More than 2,000 workers demonstrated in Yangon’s Hlaingthaya Township on Sunday to demand an increase in the minimum daily wage of K3,600 (US$2.68) to K5,600 ($4) and the abolition of the Arbitration Council, which is meant to mediate conflicts between employers and workers.
The workers cited rising inflation and living costs as the basis for their demand for a higher minimum wage. According to one labor activist interviewed by the Myanmar Times, an 8-foot-by-8-foot bedroom in Hlaingthaya Township can cost up to K50,000 per month, which means a worker would need to work between 11 and 14 days a month just to cover the rent. Little is left over at the end of the month for food, healthcare or other basic needs.
The workers also demanded the abolition of the Yangon Regional Arbitration Council or greater participation in its elections. The council has often been criticized be workers and activists for taking the side of employers too often.

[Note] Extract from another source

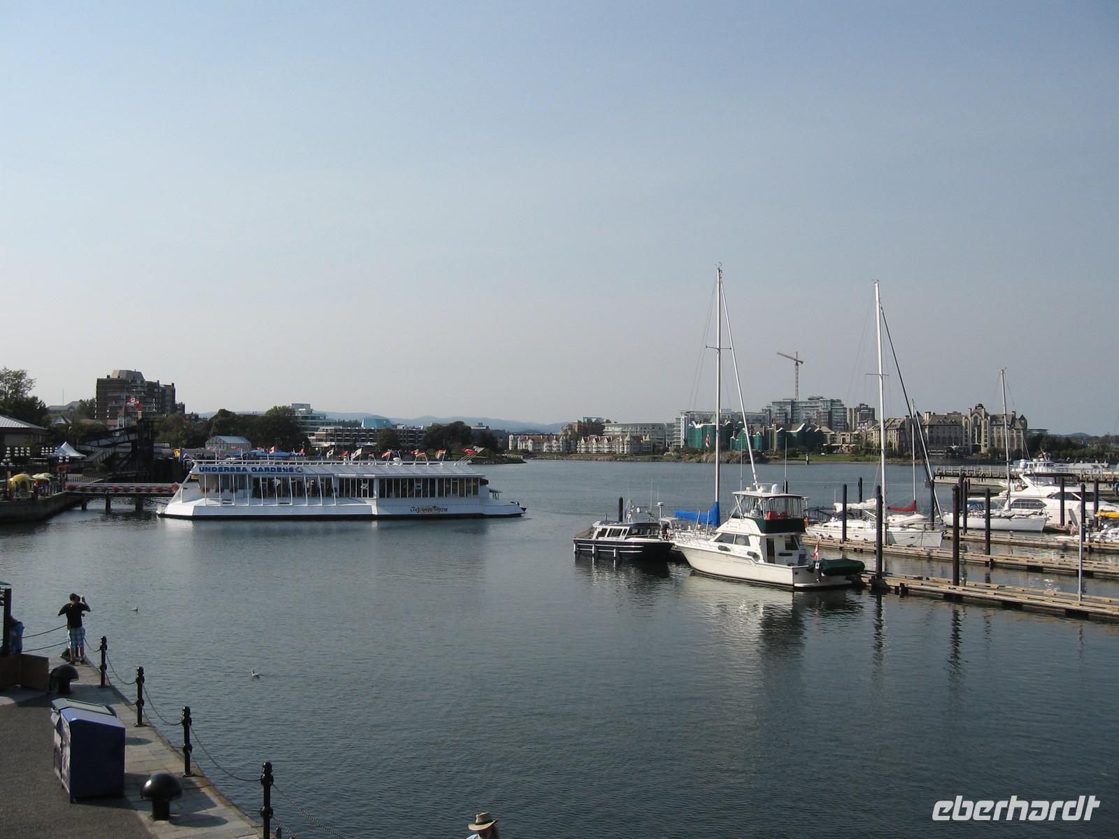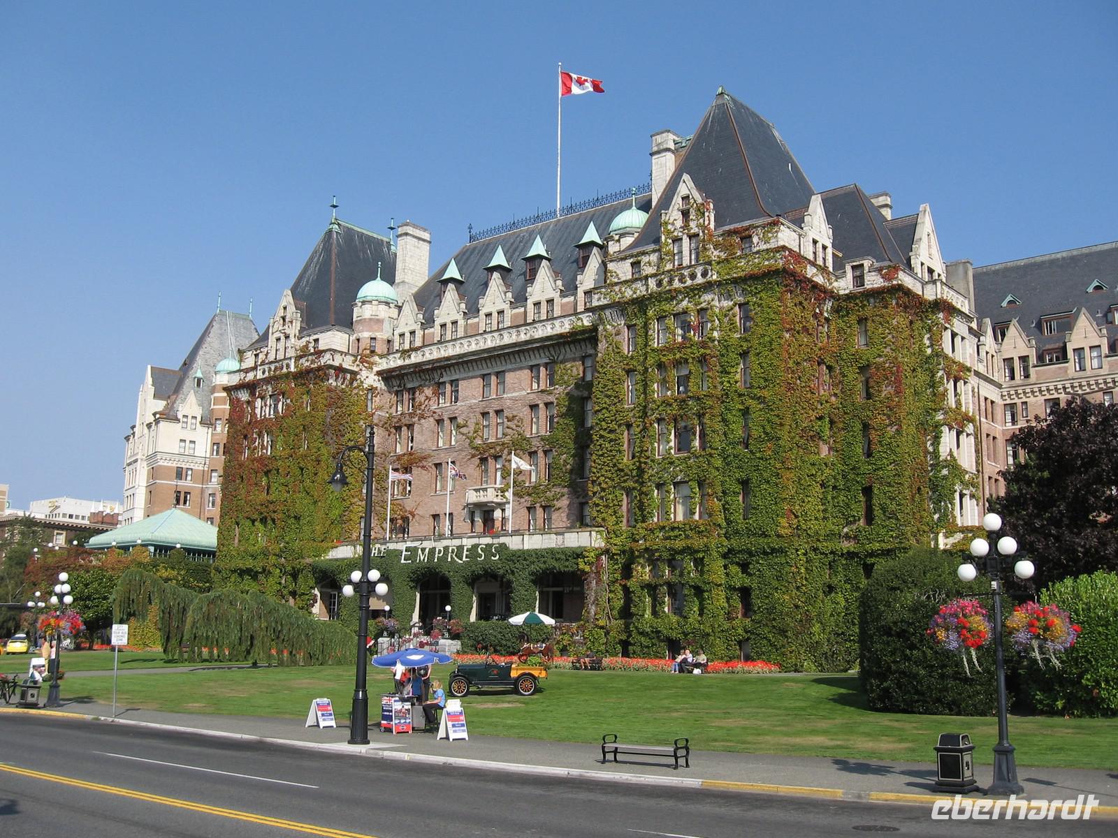 Nach dem Frühstück fahren wir zu den Butcharts Gärten. Barry nutzt nicht den direkten Weg, sondern wir fahren entlang der Oak Bay mit Blick auf den Pazifik. Vom Mount Dougles haben wir einen wunderbaren Blick über ganz Victoria. Unser Vormittagsziel ist „The Butcharts Gardens". Die bereits 1904 entstandene Gartenanlage geht auf eine Idee von Jennie Butchart zurück, welche den ehemaligen Kalksteinbruch verschönern wollte der die Zementfabrik ihres Mannes Robert Pim Butchart versorgt hatte. Innerhalb der Anlage können verschiedene Bereiche wie der „Sunken Garden", der Rosengarten, der Japanische Garten und der Italienische Garten besichtigt werden. Die Blumenpracht jetzt im September ist immer noch gewaltig, ich glaube am meisten haben die Dahlien gefallen. Im Blue Poppy Restaurant essen wir heute zu Mittag, die reichhaltige Auswahl lässt Herz und Magen erfreuen. Der Nachmittag steht uns in Victoria zur freien Verfügung. Neben zahlreichen Möglichkeiten zum Einkaufen bietet sich auch ein Besuch des BC Museums an, es ist möglich mit den Wassertaxis zu fahren oder auch noch einen Bummel durch den schönen Beacon Hill Park zu machen. Wunderbar zu Abend essen wir heute direkt an der Harbour Waterfront im Restaurant „Milestone".
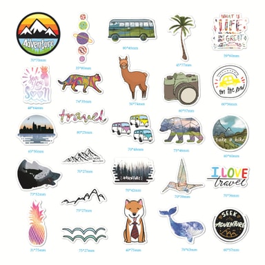 50 stycken klistermärken om utomhusäventyr i olika mönster, nästan icke-repetitiva. Dessa klistermärken är lämpliga för att dekorera de flesta föremål, du kan fästa dem på den plats du vill, iögonfallande och stilfulla.

The council’s effectiveness has also been questioned because, according to the chairperson of the Myanmar Labour Union, employers rarely follow its decisions when they favor employees. The demonstrators called for such employers to be jailed.
They also demanded greater protection for Myanmar workers abroad.
Myanmar set its first minimum daily wage at K3,600 in September 2015. Opponents of the move, including several South Korean and Chinese factory owners, argued that a minimum wage would deter investment in Myanmar.
The Ethical Trading Initiative, which includes Gap, H&M and Debenhams Retail, backed the minimum wage.